We identified three aspects of the AI domain that make it fundamentally different than prior application domains. Their impact will require significant research efforts to address in the future.

  1. Discovering, managing, and versioning the data needed for machine learning applications is much more complex and difficult than other types of software engineering. “While there are very well-designed technologies to version code, the same is not true for data…
  2. Model customisation and model reuse require very different skills than those typically found in software teams (“you can’t simply change parameters with a text editor” !!).
  3. AI components are more difficult to handle as distinct modules than traditional software components — models may be “entangled” in complex ways and experience non-monotonic error behaviour.

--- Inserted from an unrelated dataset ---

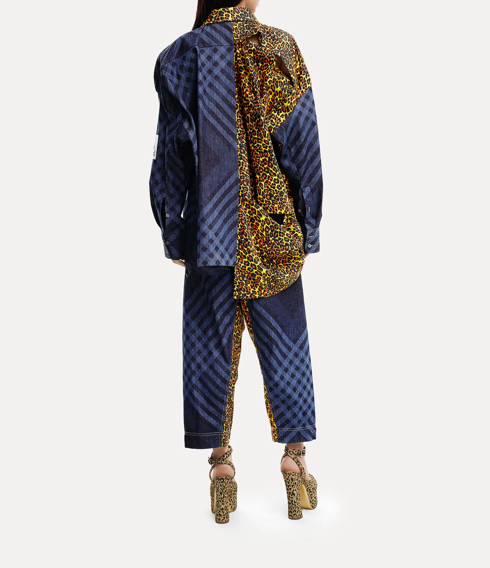 Our Macca jeans showcase leopard-print panels paired with our archive ‘Meaningless’ print, which features a combination of logos and messages that symbolise the excessive consumption prevalent in today’s society. Crafted from cotton fabric, these jeans display a tartan pattern overlay, reminiscent of the brand’s distinctive punk aesthetic.
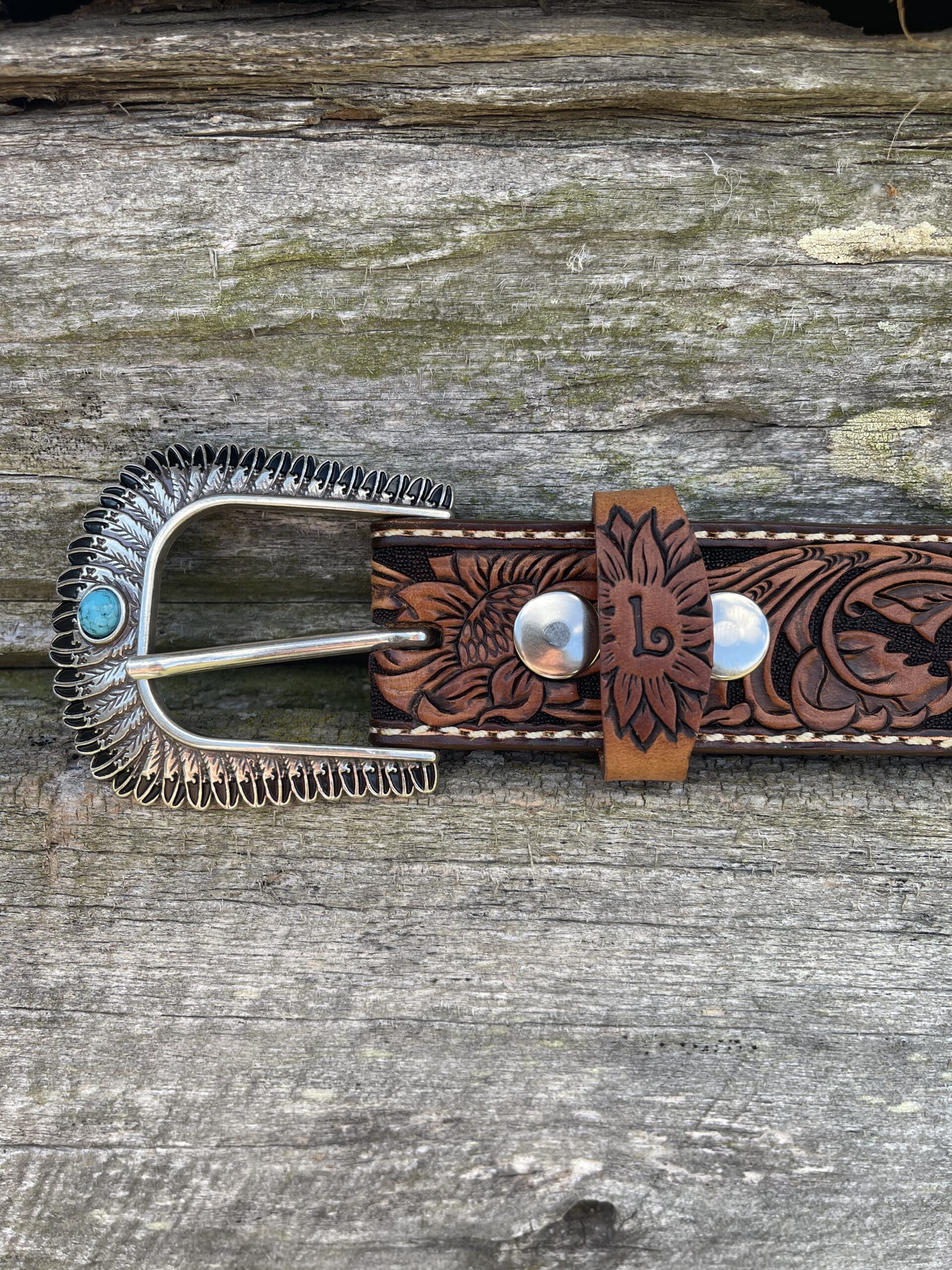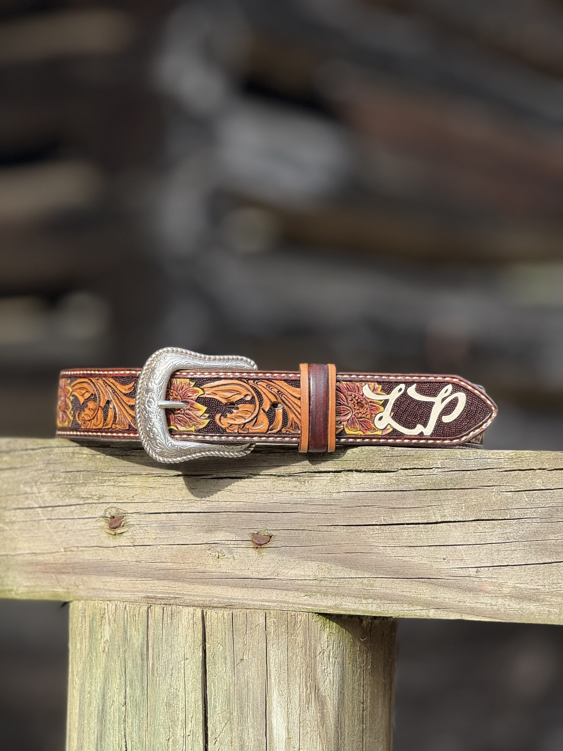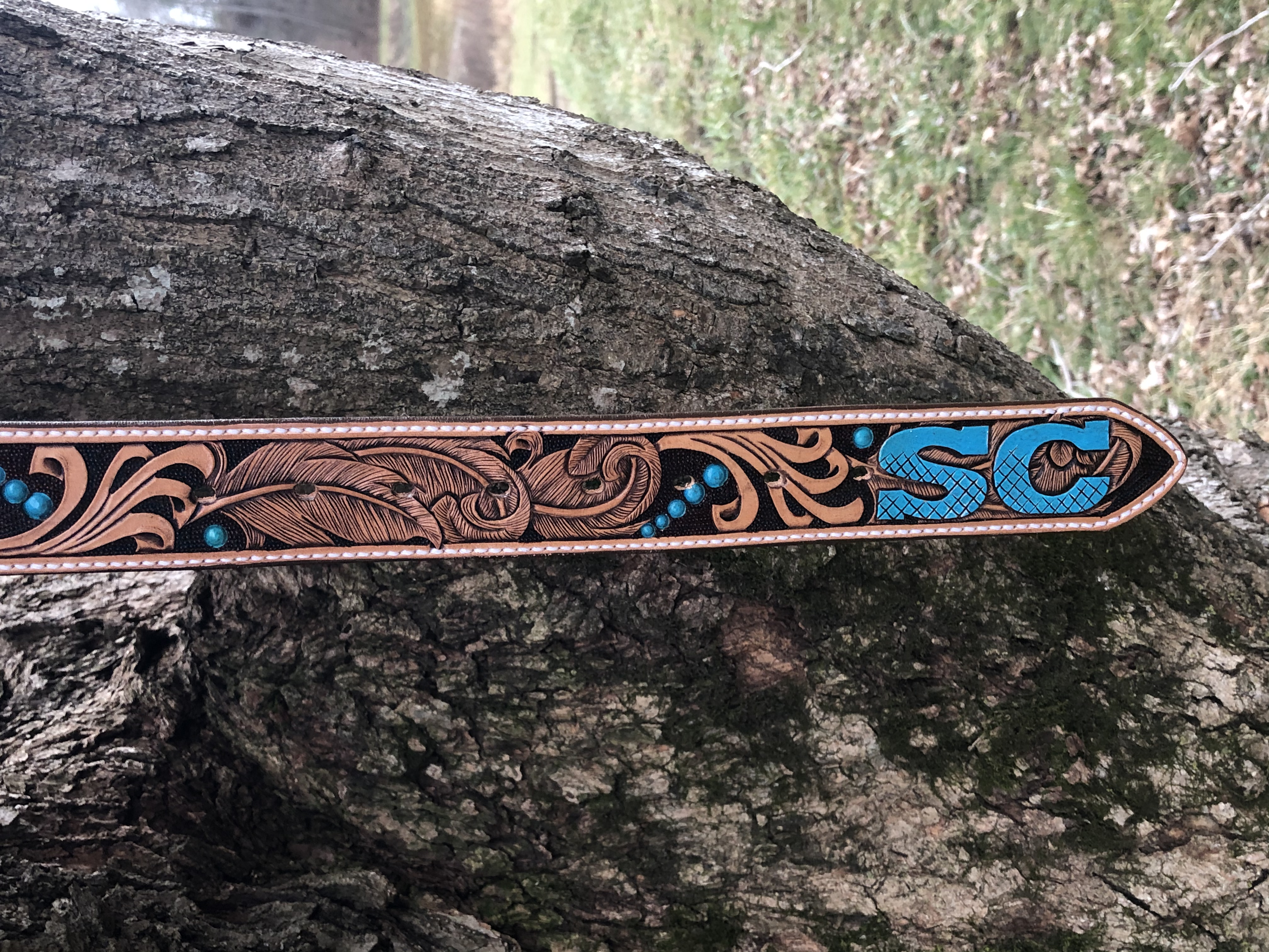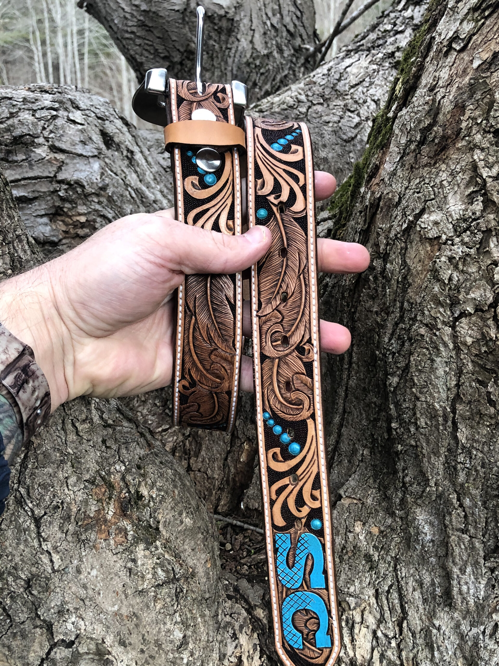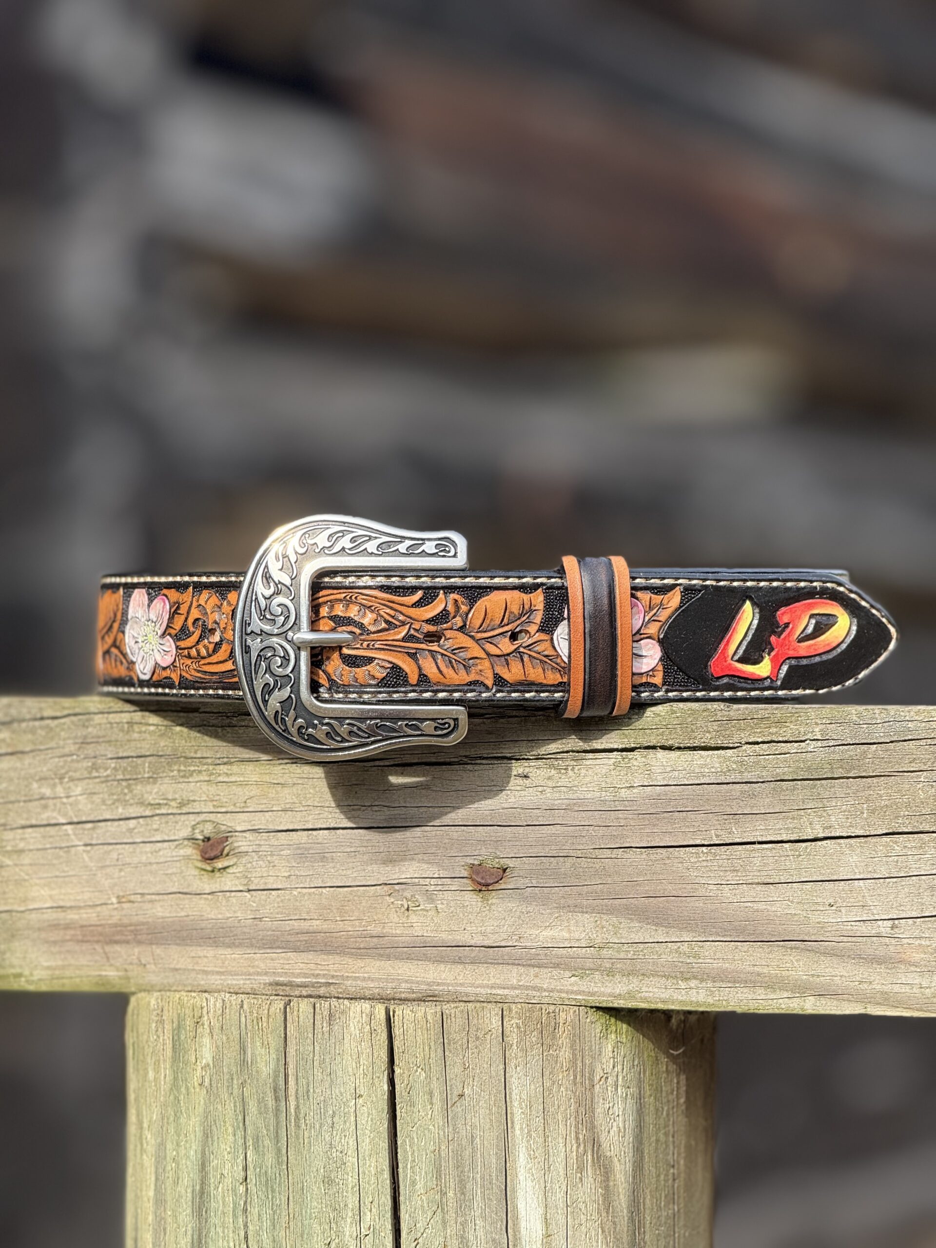 The Works!! Custom tooled belts with stitching and western style buckle.

While the first two points are hopefully pretty self-explanatory, the third warrants a little more unpacking.

Maintaining strict module boundaries between machine learned models is difficult for two reasons. First, models are not easily extensible. For example, one cannot (yet) take an NLP model of English and add a separate NLP model for ordering pizza and expect them to work properly together… Second, models interact in non-obvious ways. In large scale systems with more than a single model, each model’s results will affect one another’s training and tuning processes.

Under these conditions, even with separated code, one model’s effectiveness can change as a result of changes in another model. This phenomenon is sometimes known as component entanglement and can lead to non-monotonic error propagation: improvements in one part of the system may actually decreases the overall system quality.